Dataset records
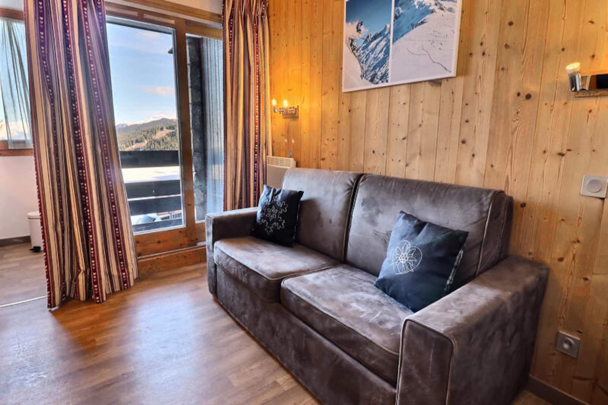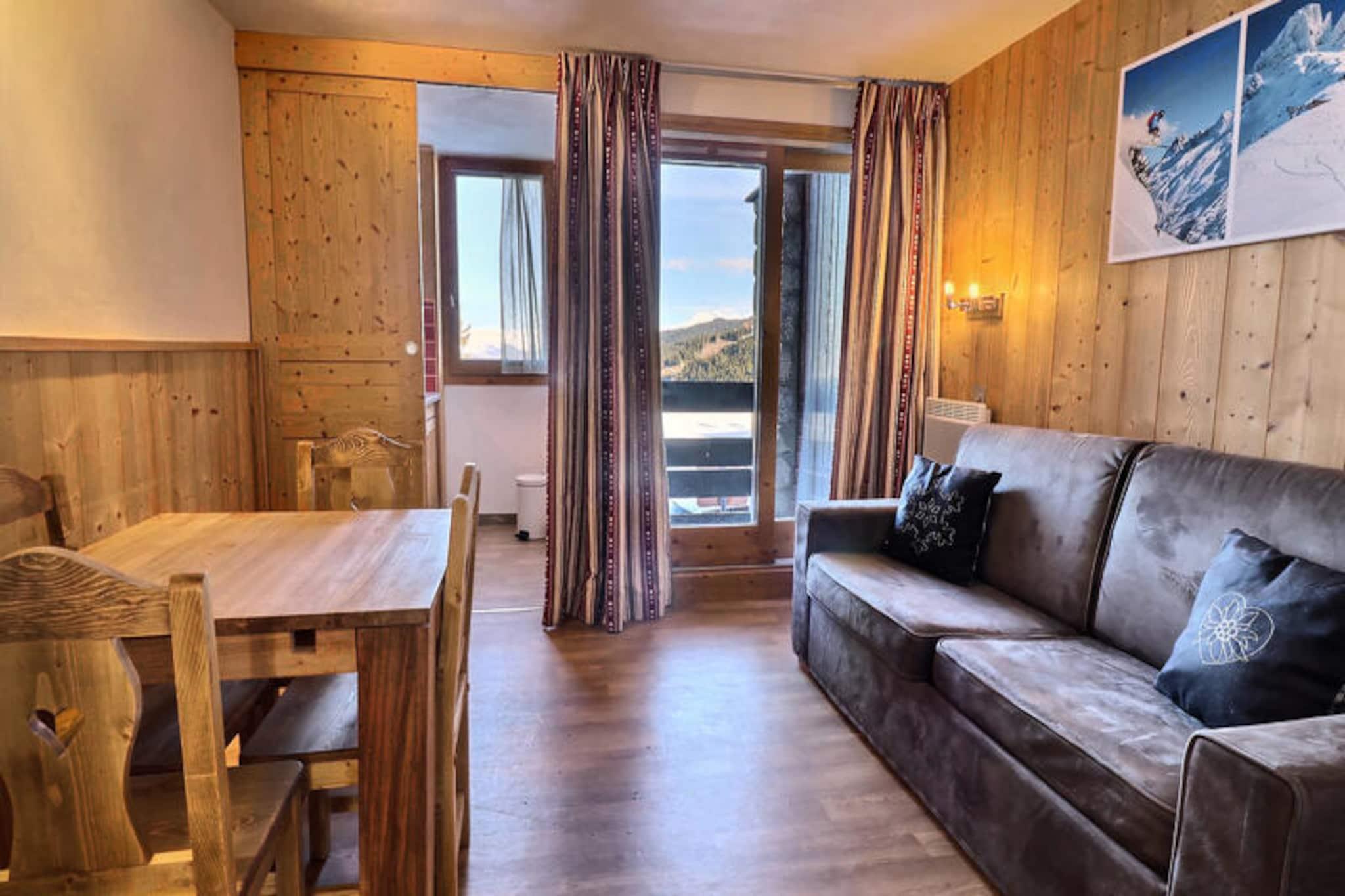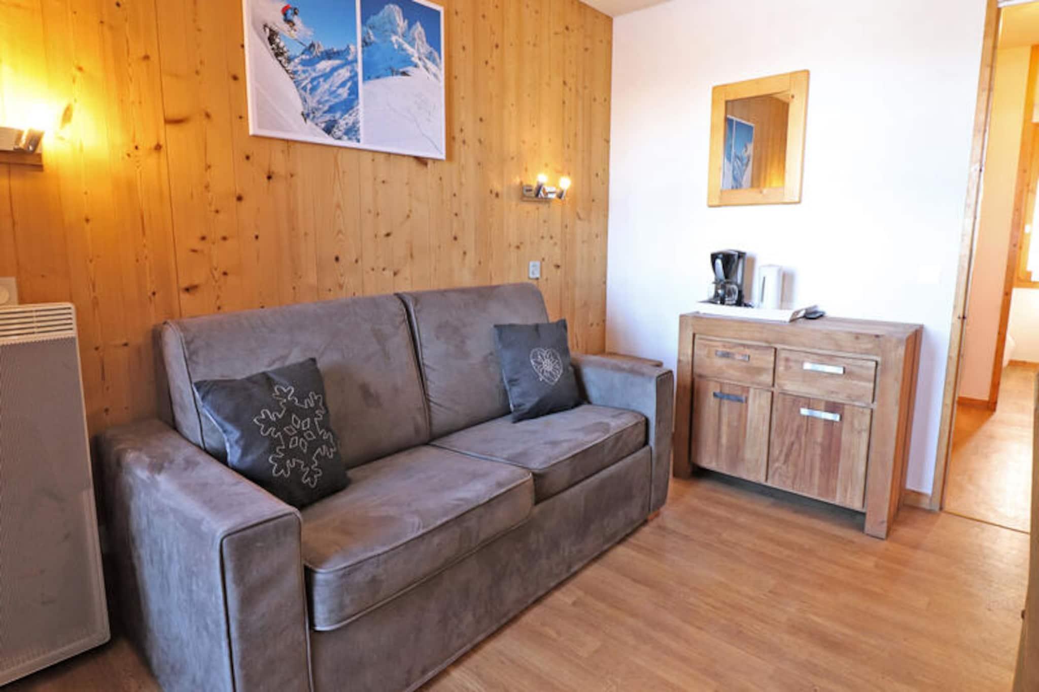 In the serene heart of Le Hameau, Laitelet, this charming apartment offers a cozy alpine retreat with unparalleled ski-in, ski-out convenience. Just steps from the slopes, the Creux de l'Ours residence ensures that your mountain adventures begin the moment you leave the ski lockers. With the green run leading directly to the main ski lift departure point, you’ll enjoy seamless access to the snowy wonders of the French Alps. The Chalets cable car, operating from early morning to late evening, provides effortless connectivity to the surrounding areas, adding to the ease of your stay. This thoughtfully designed 27m² apartment is perfect for up to four guests, offering a warm and inviting atmosphere. The living room features a comfortable sofa bed for two, while the separate bedroom is equipped with two single beds, ensuring restful nights after active days. The kitchenette, cleverly separated by a sliding door, is fully equipped with modern appliances, including a combination microwave/oven, refrigerator, ceramic hobs, and a dishwasher, making it easy to prepare hearty meals. A north-facing balcony invites you to unwind and take in the crisp mountain air. Additional amenities include a flat-screen TV, free Wi-Fi (subject to availability), and a separate bathroom and toilet for added convenience. Beyond the apartment, the location is a skier’s paradise. With shops and essential facilities just a short walk away, you’ll have everything you need at your fingertips. Whether you’re exploring the slopes, enjoying après-ski activities, or simply soaking in the tranquil alpine ambiance, this residence offers the perfect base for your mountain escape. Pets are welcome, making it an ideal choice for families or small groups seeking a home-away-from-home in the French Alps. Experience the magic of Le Hameau and create unforgettable memories in this delightful alpine haven, where every detail is designed to enhance your stay.
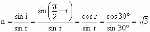 一束光由真空入射到平面玻璃上,当其折射角为30°时,反射光恰好产生完全偏振.因此,可以推断出玻璃的折射率为
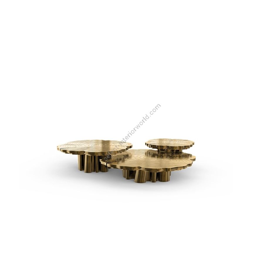 With one-of-a-kind design aesthetic and refined statement to the most influential minds, the Fortuna is a contemporary center table fit for any luxurious setting. Representing the essence of empowerment, sophistication, and mystics, the Fortuna features an exclusive gold brass surface for extravagant spaces. An elegant statement piece that incorporates the richest nature-inspired design, industrious welding techniques and a manually engraved top that emulates the outlines of log rings. This is a unique center table that embodies the fearless state mind of Boca do Lobo and the availability to customize the features to accommodate the most demanding client’s requirements.
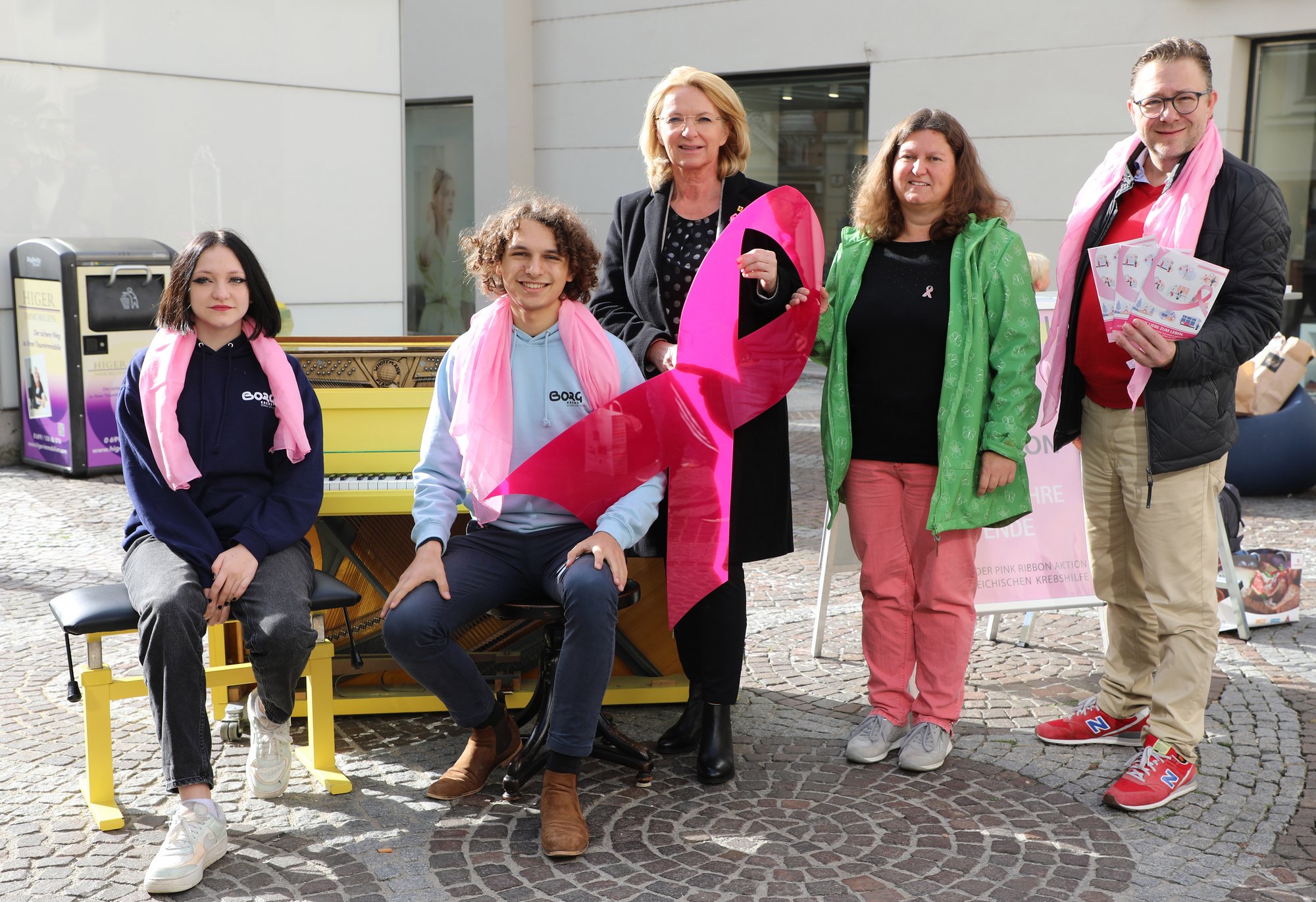 Ganz im Zeichen der Krebshilfe stand auch die Spendenaktion am Samstag, 16. Oktober gemeinsam mit dem Stadtmarketing Krems bei einem Klavierkonzert von Horst Berger, Jonas Langhammer und Flora Sacher (beide BORG Krems) am Täglichen Markt statt. Spendenboxen sind im Kremser Rathaus, in der Badearena, in der Stadtbücherei & Mediathek, im museumkrems und im Info-Center von kremstourismus aufgestellt. Als Dankeschön für eine Spende gibt es Infobroschüren, rosa Schleifen und CDs „Reise an den Ort der Ruhe und Achtsamkeit“.
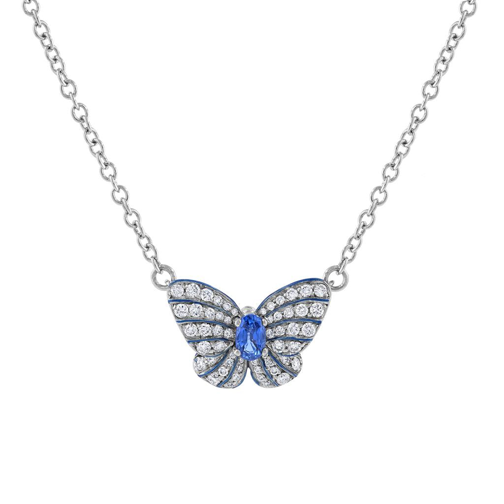 LaViano Fashion 18K White Gold Sapphire Diamond and Enamel Butterfly Necklace
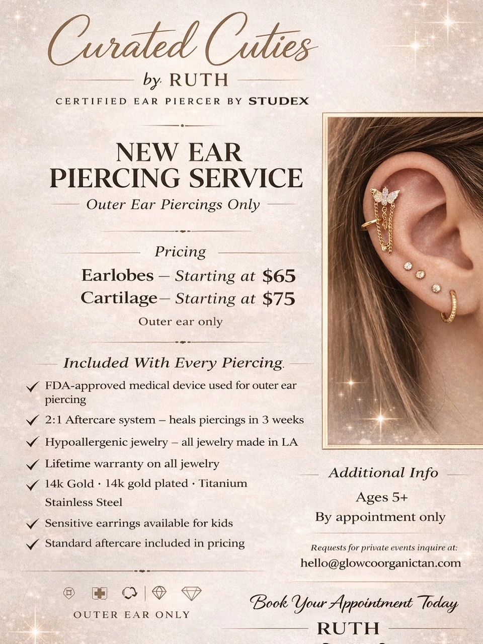 Proudly certified by Studex . We're committed to using only the highest quality, hypoallergenic jewelry made in the USA. Starting at just $65, our pricing includes essential aftercare to ensure your new look stays fabulous.
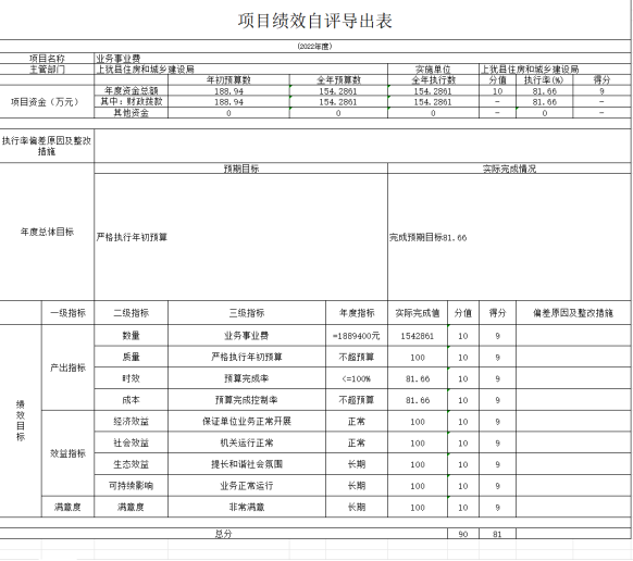 組織對住建局業(yè)務(wù)事業(yè)費(fèi)項(xiàng)目開展了部門評價(jià),涉及一般公共預(yù)算支出188.94萬元,政府性基金預(yù)算支出0萬元,國有資本預(yù)算支出0萬元。從評價(jià)情況來看,項(xiàng)目支出績效管理的重視程度進(jìn)一步提升,執(zhí)行和完成情況較好,資金使用比較規(guī)范。
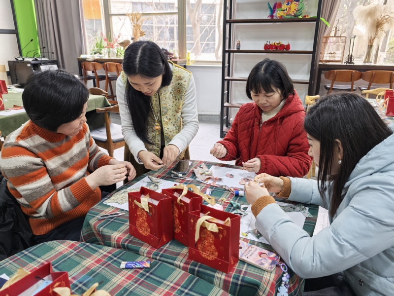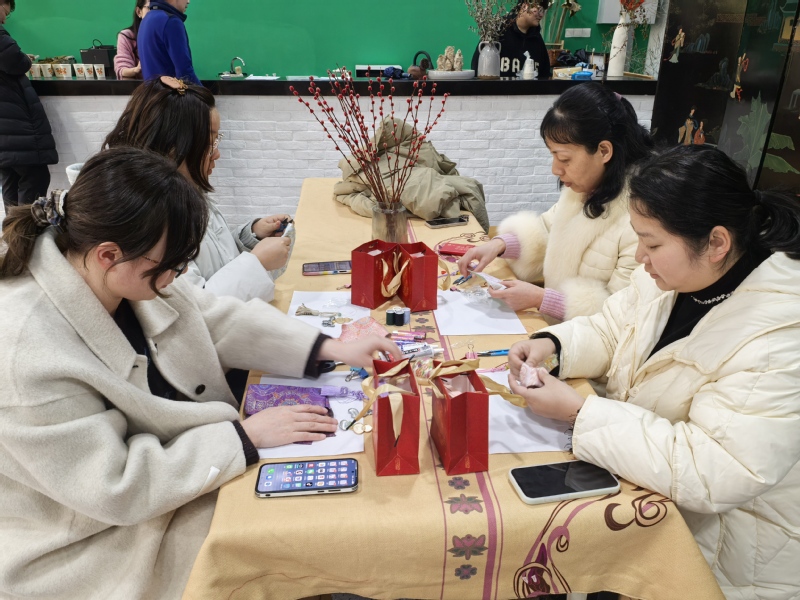 活动现场暖意融融,在宋锦文化小课堂上,大家深入聆听讲解,系统了解宋锦的历史渊源、织造技艺、纹样寓意与非遗价值,近距离触摸这项国家级非物质文化遗产的厚重底蕴。手工创作环节中,专业老师通过细致的步骤示范和耐心的巡回指导,带领女职工们开启匠心之旅。从精选锦缎、精准裁剪,到细致包边、粘贴底托,再到点缀珍珠、搭配流苏,每一个步骤都凝聚着巧思与专注。经过一番精心创作,一件件兼具传统韵味与时尚美感的宋锦挂坠、车挂件、包挂件相继诞生,尽显女职工们的灵动才情。
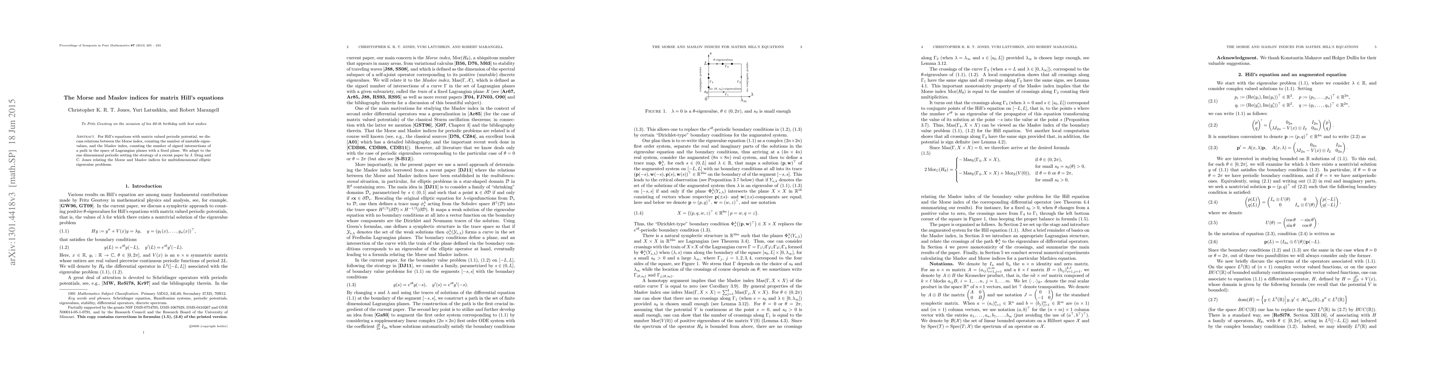 For Hill's equations with matrix valued periodic potential, we discuss relations between the Morse index, counting the number of unstable eigenvalues, and the Maslov index, counting the number of signed intersections of a path in the space of Lagrangian planes with a fixed plane. We adapt to the one dimensional periodic setting the strategy of a recent paper by J. Deng and C. Jones relating the Morse and Maslov indices for multidimensional elliptic eigenvalue problems.
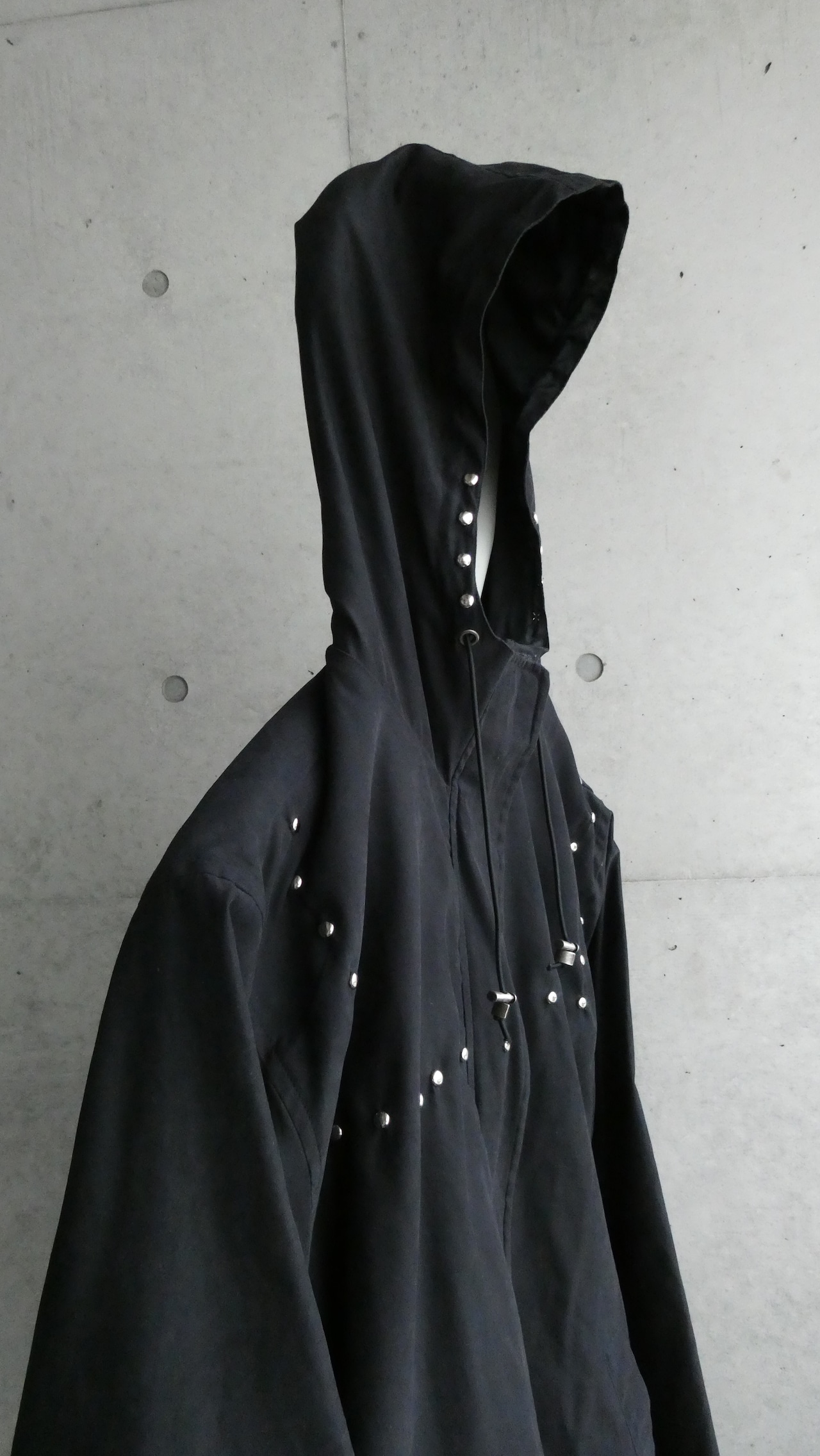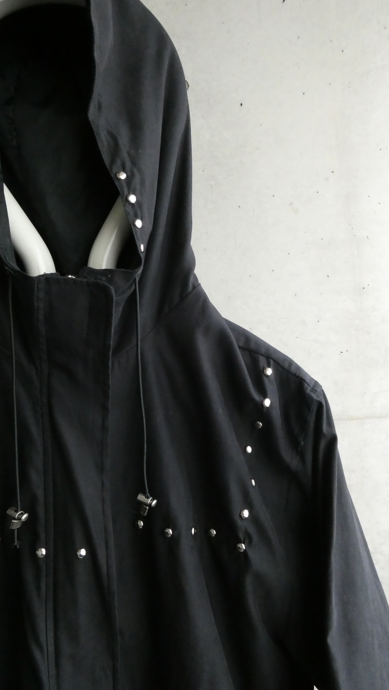 ブラックのスタッズカスタムブルゾン。普通の黒無地ブルゾンなのにラグジュアリーさがあります。フード縁にもチラッとさり気ないスタッズ。ドローコードの金具も凄く高級感あります。
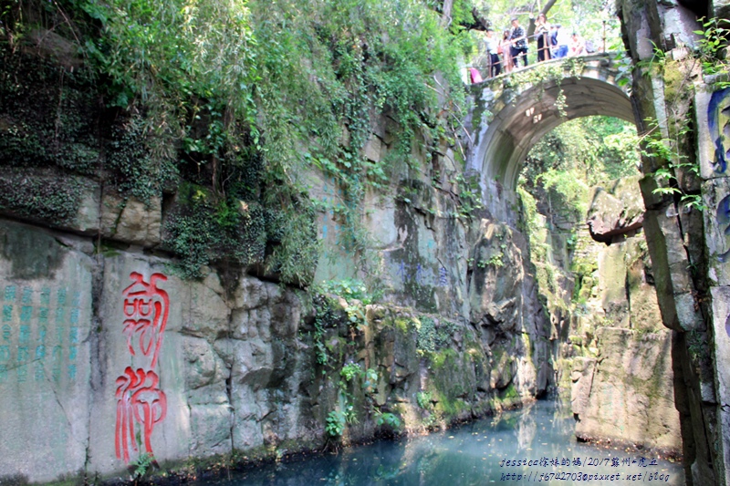 劍池是位於虎丘山上的水池,水池狹窄,但兩側有峭壁,上方有石橋連通
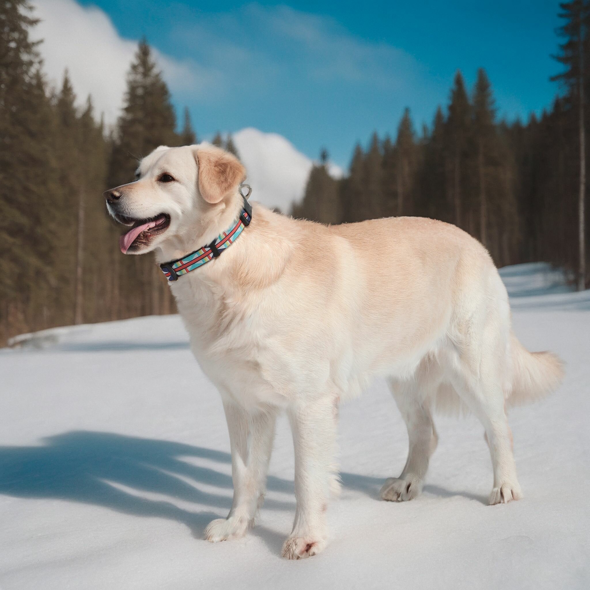 Ошейник для собак средних и крупных пород, синий с орнаментом, 45-65 см
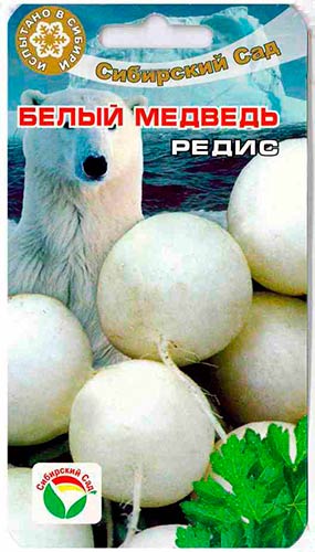 Плоди соковиті круглої форми з білої, щільною м'якоттю всередині. Редис Білий ведмідь характеризується півострів пряним смаком. Переважно використовується для вирощування в північних регіонах з прохолодним кліматом і суворими зимами.

AIM OF THE TASK
Your answer must be the lines from the one containing "劍池是位於虎丘山上的水池,水池狹窄,但兩側有峭壁,上方有石橋連通" through the last line of the records, both included, written out exactly and without pictures.

TASK RESULT
 劍池是位於虎丘山上的水池,水池狹窄,但兩側有峭壁,上方有石橋連通
 Ошейник для собак средних и крупных пород, синий с орнаментом, 45-65 см
 Плоди соковиті круглої форми з білої, щільною м'якоттю всередині. Редис Білий ведмідь характеризується півострів пряним смаком. Переважно використовується для вирощування в північних регіонах з прохолодним кліматом і суворими зимами.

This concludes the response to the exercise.